## Work instructions
Exclude the pictures and reproduce the remaining data exactly as written.

Excerpted data Block Start

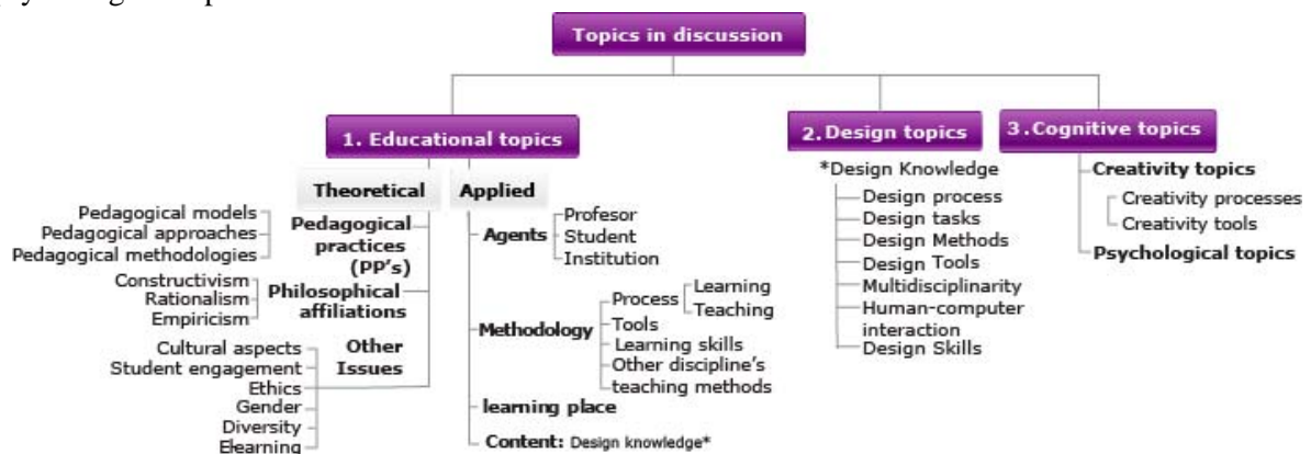
Figure 3. Structure of design educational topics found on literature

The figure 3 is a proposal of a general view of design education context and its PP's. The elements in the reviewed literature are not explicitly connected with the PP's but, with further studies, could be found as important parts of the mentioned model to build in the future. This structure was constructed with the sematic analysis tool of Qiqqa as seen in figure 1. It presents 2 branches of design educational topics. The first, is composed by PP's (M, MT & A), philosophical affiliations (with constructivism as the most mentioned) and other issues (cultural aspects, students' engagement, etc). The second, shows who (agents), how (methodologies), where (learning places) and what (design knowledge: design process, tasks, methods as design for x or UCD methods, design tools, and skills, multidisciplinary aspects and HCI). The third branch shows the cognitive topics comprising: creativity topics and psychological topics.
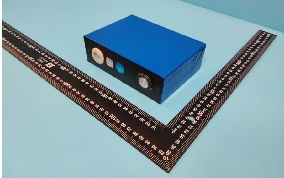
Photo 4 电池正面 Front view of Cell
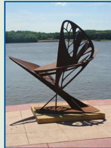
Wings of Change Hilde DeBruyne - Cumming, IA rusted steel, high quality welded, plasmacut wings 4.5' x 6' x 4.5' 350 lbs. $14,000

Featured artists receive a $1,500 stipend for loaning their work for a year. All the pieces are for sale, but must stay in the exhibit through June 2018. Sales price does not include delivery and installation of the sculpture to the buyer's site.
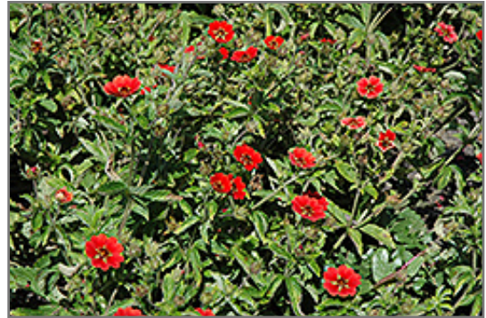
Gibson's Scarlet Cinquefoil flowers
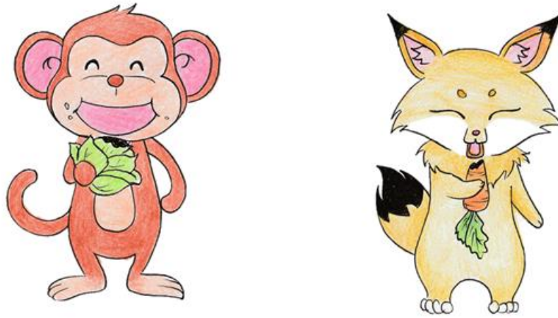
Figure 1 top. Example of the picture stimuli for the experiment

1 2 3 4 5 6 7 8 9 10 11 12 13 14 15 16 17 18 19 20 21 22 23 24 25 26 27 28 29 30 31 32 33 34 35 36 37 38 39 40 41 42 43 44 45 46 47 48 49 50 51 52 53 54 55 56 57 58 59 60 61 62 63 64 65
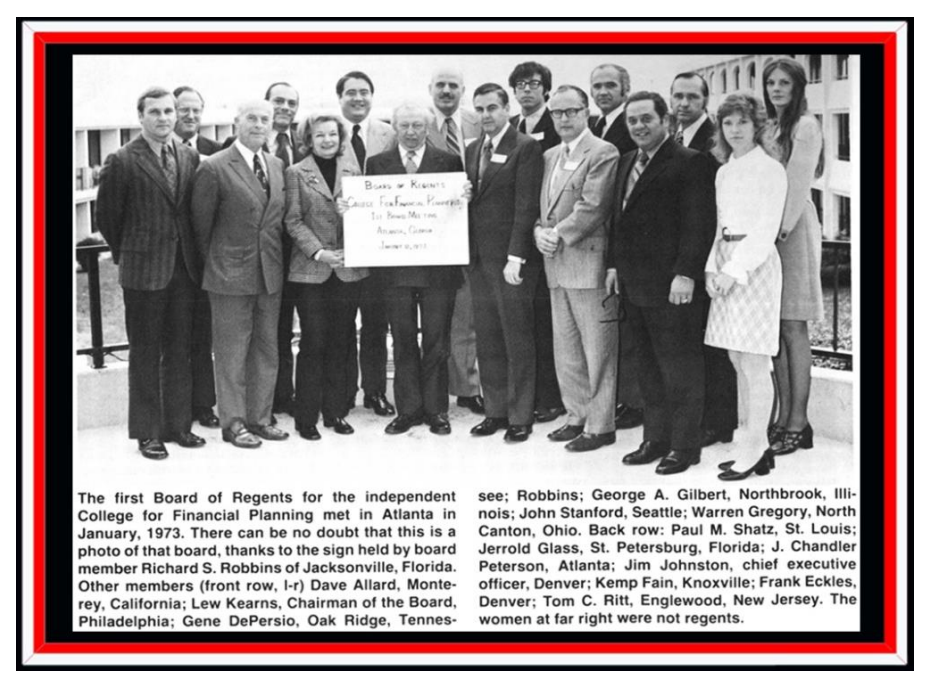
Photo 5. The first Board of Regents for the Independent College for Financial Planning (1973)
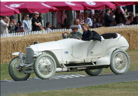
1910 AUSTRO-DAIMLER "PRINCE HENRY"
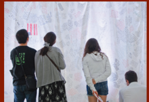
SU students view the Sheets of Expression

This year marked the 10th Anniversary of the September 11, 2001 terrorist attacks. Hendricks Chapel sponsored a Service of Remembrance and Hope, a lecture series featuring topics on living in the aftermath of tragedy, and a public service event done in conjunction with the Better Together initiative. Students, faculty, and staff were asked to donate canned goods that were given to the Interreligious Food Consortium, which serves 70 local food pantries. Students could also bring their canned goods to Juice Jam where part of the proceeds from the concert went towards famine relief in the Horn of Africa.
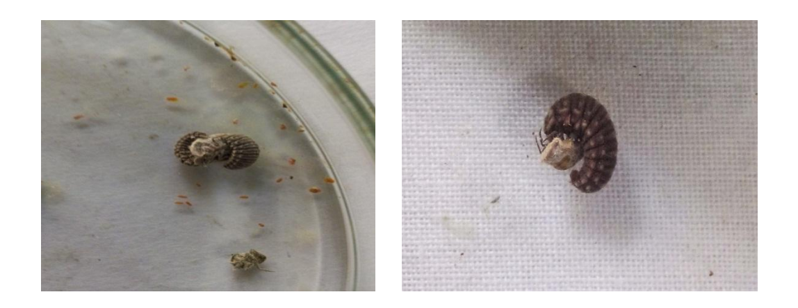
Plate 13. Ladybird beetle ( Rodolia sp. ) predate mango mealybug.

1^{st} instar, 35.66 2^{nd} instar and 45.00 3^{rd} instar cotton mealybug and 7.11 adult stage cotton mealybug, respectively, whereas 3^{rd} instar beetle consumed 121.66 1^{st} instar, 51.66 2^{nd} instar and 54.33 3^{rd} instar cotton mealybug and 8.21 adult stage cotton mealybug. Adult female of this beetle consumed higher number of mealybugs than adult male during its whole life.
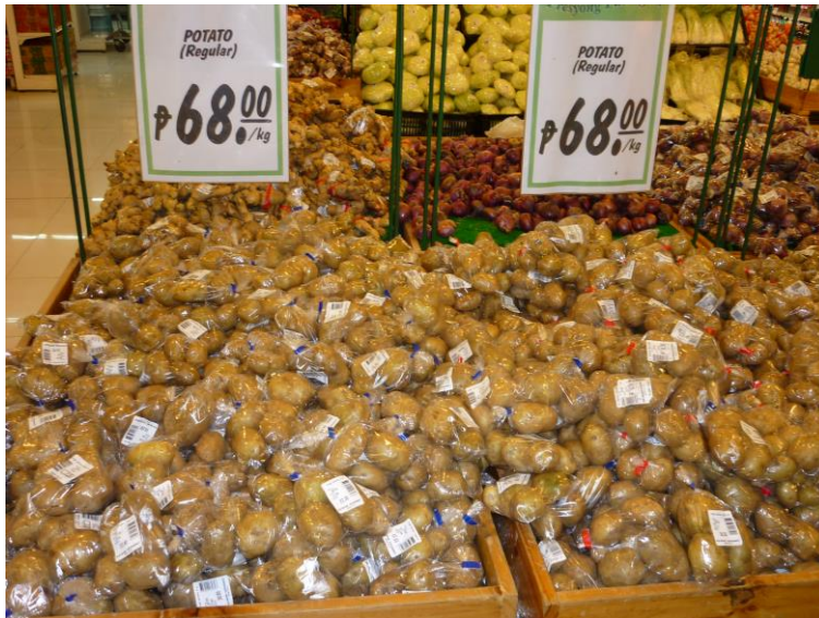
Plastic wrapped potatoes for sale in supermarket in Malaybalay (September 2009)

Some share of varieties with higher dry matter content are processed into chips (crisps) when supply from abroad is unavailable.
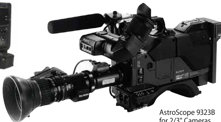
AstroScope 9323B for 2/3" Cameras
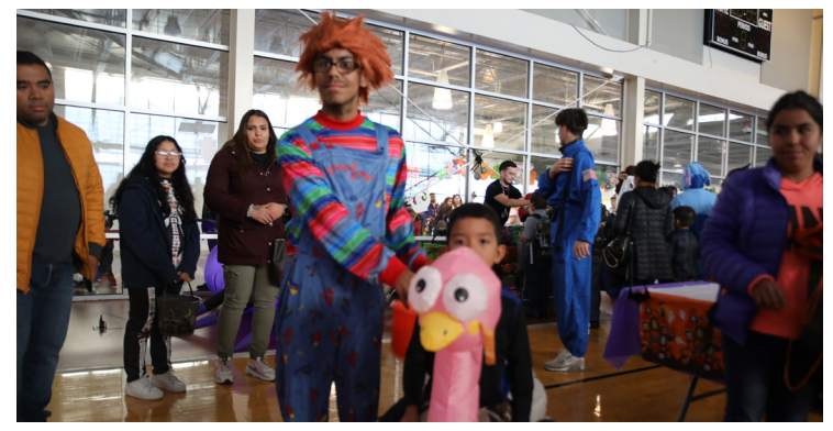
Families dressed up in all the fun as they wandered from table to table, each one decorated by Cicero departments and offices.
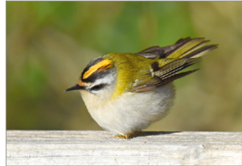
Britain's tiniest bird?

In October, Sue Oswell led 16 members of the Tuesday Walking Group on a beautiful socially-distanced walk through the autumnal beeches of Wendover Woods. Part of the route included the Firecrest Trail, where members actually heard the strident call of a firecrest, one of Britain's tiniest birds. However, as is typical, it remained out of sight. After taking in the magnificent, if misty, views across Aylesbury Vale and beyond, a fine dry outdoor picnic was enjoyed at the Café in the Woods.
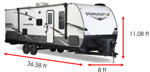
Image source: Starcraft RV, Travel Trailer, Autumn Ridge GVWR: 7,430 pounds
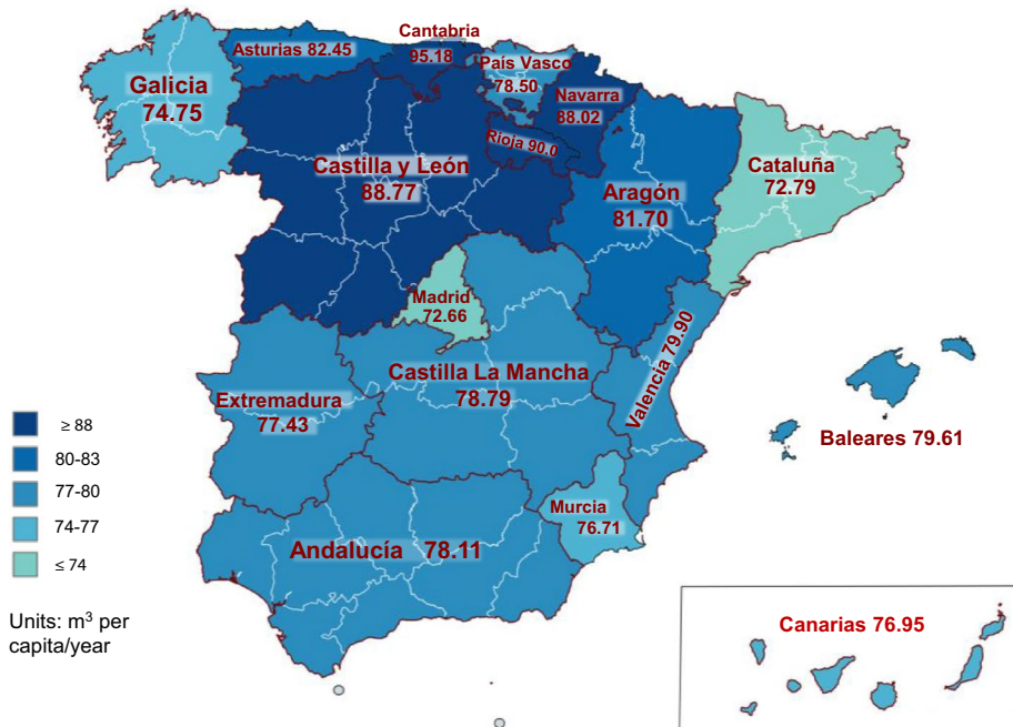
Fig. 1 Rate of per capita water use at the regional level.

economic growth, social stability, and environmental sustainability (Berbel and Esteban 2019; Garrick et al. 2020). The inefficient utilization of resources – particularly water itself – further exacerbates issues of scarcity, while a transition to more efficient practices can help alleviate this problem.
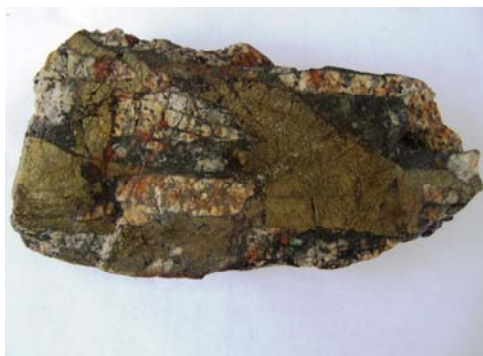
Chalcopyrite/Bornite mineralisation – Kumbruku Prospect
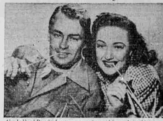
Alan Ladd and Dorothy Lamour are in the mood for work in this scene from "Wild Harvest," a Paramount picture with Robert Preston.
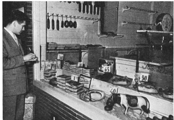
Comparing prices during a High Authority Social Survey designed to compare real wages in Community countries.

There has also been a steady increase in all member countries in the range and benefits available under schemes of social security. More and more sectors of the population have been brought into the ambit of such schemes.
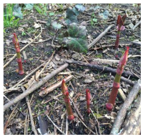
The young shoots as they emerge

Personally, I will stick to the wine, but maybe not a whole bottle.
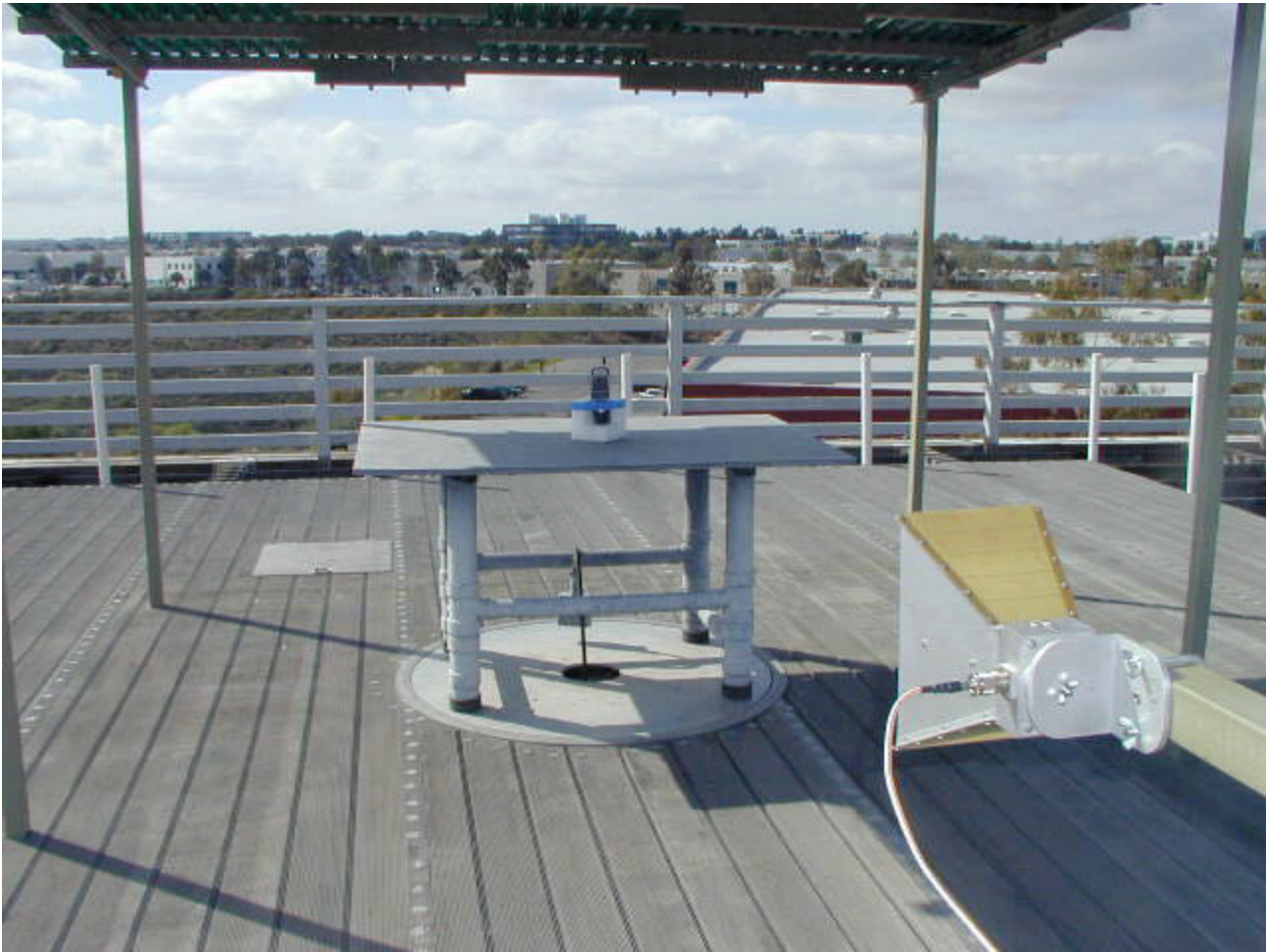
Photograph of Test Setup
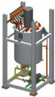
View of an ABB

The Drum Decanting Unit (DDU) is designed for automatic and high-precision decanting and metering of additives from drums.
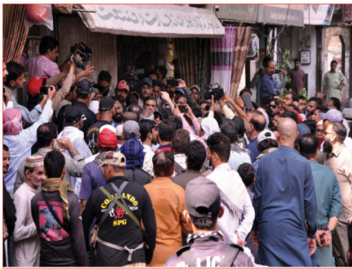
HYDERABAD: View of a clash between two groups of the Hyderabad Chamber of Commerce and Industry (HCCI), outside the HCCI Office.
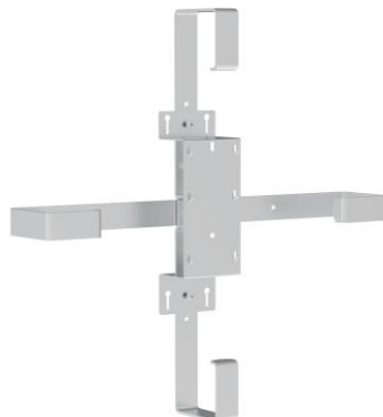
Cable storage frame with FA-MP1/FA-MP6 mounting plate

Excerpted data Block End

## Solved problem
Figure 3. Structure of design educational topics found on literature

The figure 3 is a proposal of a general view of design education context and its PP's. The elements in the reviewed literature are not explicitly connected with the PP's but, with further studies, could be found as important parts of the mentioned model to build in the future. This structure was constructed with the sematic analysis tool of Qiqqa as seen in figure 1. It presents 2 branches of design educational topics. The first, is composed by PP's (M, MT & A), philosophical affiliations (with constructivism as the most mentioned) and other issues (cultural aspects, students' engagement, etc). The second, shows who (agents), how (methodologies), where (learning places) and what (design knowledge: design process, tasks, methods as design for x or UCD methods, design tools, and skills, multidisciplinary aspects and HCI). The third branch shows the cognitive topics comprising: creativity topics and psychological topics.
Photo 4 电池正面 Front view of Cell
Wings of Change Hilde DeBruyne - Cumming, IA rusted steel, high quality welded, plasmacut wings 4.5' x 6' x 4.5' 350 lbs. $14,000

Featured artists receive a $1,500 stipend for loaning their work for a year. All the pieces are for sale, but must stay in the exhibit through June 2018. Sales price does not include delivery and installation of the sculpture to the buyer's site.
Gibson's Scarlet Cinquefoil flowers
Figure 1 top. Example of the picture stimuli for the experiment

1 2 3 4 5 6 7 8 9 10 11 12 13 14 15 16 17 18 19 20 21 22 23 24 25 26 27 28 29 30 31 32 33 34 35 36 37 38 39 40 41 42 43 44 45 46 47 48 49 50 51 52 53 54 55 56 57 58 59 60 61 62 63 64 65
Photo 5. The first Board of Regents for the Independent College for Financial Planning (1973)
1910 AUSTRO-DAIMLER "PRINCE HENRY"
SU students view the Sheets of Expression

This year marked the 10th Anniversary of the September 11, 2001 terrorist attacks. Hendricks Chapel sponsored a Service of Remembrance and Hope, a lecture series featuring topics on living in the aftermath of tragedy, and a public service event done in conjunction with the Better Together initiative. Students, faculty, and staff were asked to donate canned goods that were given to the Interreligious Food Consortium, which serves 70 local food pantries. Students could also bring their canned goods to Juice Jam where part of the proceeds from the concert went towards famine relief in the Horn of Africa.
Plate 13. Ladybird beetle ( Rodolia sp. ) predate mango mealybug.

1^{st} instar, 35.66 2^{nd} instar and 45.00 3^{rd} instar cotton mealybug and 7.11 adult stage cotton mealybug, respectively, whereas 3^{rd} instar beetle consumed 121.66 1^{st} instar, 51.66 2^{nd} instar and 54.33 3^{rd} instar cotton mealybug and 8.21 adult stage cotton mealybug. Adult female of this beetle consumed higher number of mealybugs than adult male during its whole life.
Plastic wrapped potatoes for sale in supermarket in Malaybalay (September 2009)

Some share of varieties with higher dry matter content are processed into chips (crisps) when supply from abroad is unavailable.
AstroScope 9323B for 2/3" Cameras
Families dressed up in all the fun as they wandered from table to table, each one decorated by Cicero departments and offices.
Britain's tiniest bird?

In October, Sue Oswell led 16 members of the Tuesday Walking Group on a beautiful socially-distanced walk through the autumnal beeches of Wendover Woods. Part of the route included the Firecrest Trail, where members actually heard the strident call of a firecrest, one of Britain's tiniest birds. However, as is typical, it remained out of sight. After taking in the magnificent, if misty, views across Aylesbury Vale and beyond, a fine dry outdoor picnic was enjoyed at the Café in the Woods.
Image source: Starcraft RV, Travel Trailer, Autumn Ridge GVWR: 7,430 pounds
Fig. 1 Rate of per capita water use at the regional level.

economic growth, social stability, and environmental sustainability (Berbel and Esteban 2019; Garrick et al. 2020). The inefficient utilization of resources – particularly water itself – further exacerbates issues of scarcity, while a transition to more efficient practices can help alleviate this problem.
Chalcopyrite/Bornite mineralisation – Kumbruku Prospect
Alan Ladd and Dorothy Lamour are in the mood for work in this scene from "Wild Harvest," a Paramount picture with Robert Preston.
Comparing prices during a High Authority Social Survey designed to compare real wages in Community countries.

There has also been a steady increase in all member countries in the range and benefits available under schemes of social security. More and more sectors of the population have been brought into the ambit of such schemes.
The young shoots as they emerge

Personally, I will stick to the wine, but maybe not a whole bottle.
Photograph of Test Setup
View of an ABB

The Drum Decanting Unit (DDU) is designed for automatic and high-precision decanting and metering of additives from drums.
HYDERABAD: View of a clash between two groups of the Hyderabad Chamber of Commerce and Industry (HCCI), outside the HCCI Office.
Cable storage frame with FA-MP1/FA-MP6 mounting plate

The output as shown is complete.